Cependant prenez cette brute et parlez-lui intérêt, aussitôt le paysan rusé, prudent comme un sauvage, se défend avec aplomb et déroute les juges les plus fins. Faites un peu de lumière dans son cerveau, apprenez-lui les premiers éléments des sciences, et vous aurez des hommes vrais, forts en santé, des esprits virils et pleins de bonne volonté. Que les chemins de fer croisent ce pays et aussitôt vous aurez un sol plantureux avec du vin, des fruits délicieux, du grain choisi, la truffe parfumée, le marron exquis, le cep ou champignon sans pareil, des bois magnifiques, des mines de charbon inépuisables, du fer, du cuivre, des bestiaux de premier ordre, de l’air, de la verdure, des paysages splendides.

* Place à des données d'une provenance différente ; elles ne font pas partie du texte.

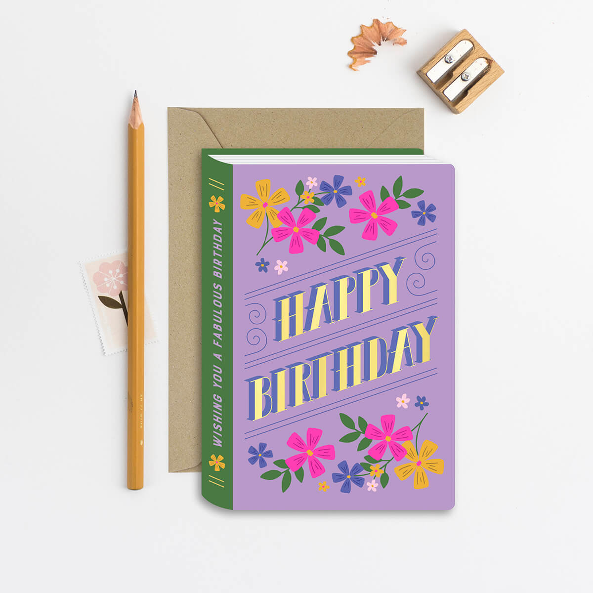 Birthday Book greetings card by Mifkins. Celebrate the big day with this unique book-shaped birthday card. The gold foil on the front cover of this storybook birthday card reads “Happy Birthday”, while the spine of the book offers a second caption reading “Wishing you a Fabulous Birthday”. Crack open this storybook birthday card and add your own tale of a birthday worth remembering. This birthday card is die cut into the shape of a book, and the gold foil details add a touch of luxury! Features an original design by Natalie Alex with beautiful gold foil embellishments. Blank inside.

Et lorsque tant d’espérances ne demandent qu’à s’épanouir, lorsque tant d’autres pays sont, comme celui-là, dans une prostration mortelle, désirons que, dans tous les cœurs, dans tous les recoins perdus de ce monde, pénètre le Livre des Esprits. La doctrine qu’il renferme peut seule changer l’esprit des populations, en les arrachant à la pression absurde de ceux qui ignorent les grandes lois de l’erraticité, et qui veulent immobiliser la croyance humaine dans un dédale où ils ont eux-mêmes tant de peine à se reconnaître. Travaillons donc tous avec ardeur à cette rénovation désirée qui doit renverser toutes les barrières, et créer la fin promise à la génération qui nous viendra bientôt.
Baluze.
Remarque. — Le nom de Baluze est connu de nos lecteurs par les excellentes communications qu’il dicte souvent à son compatriote et médium de prédilection, M. Leymarie. C’est pendant un voyage de ce dernier dans son pays qu’il lui a donné la communication ci-dessus. Baluze, savant historiographe, né à Tulle en 1630, mort à Paris en 1718, a publié un grand nombre d’ouvrages estimés ; il fut bibliothécaire de Colbert. Sa biographie (Dictionnaire de Feller) dit « que les gens de lettres regrettèrent en lui un savant profond, et ses amis un homme doux et bienfaisant. » Il y a à Tulle un quai qui porte son nom. M. Leymarie, qui ignorait l’histoire de Saint-Pao, s’en est informé, et a acquis la certitude que ces pratiques superstitieuses sont encore en usage.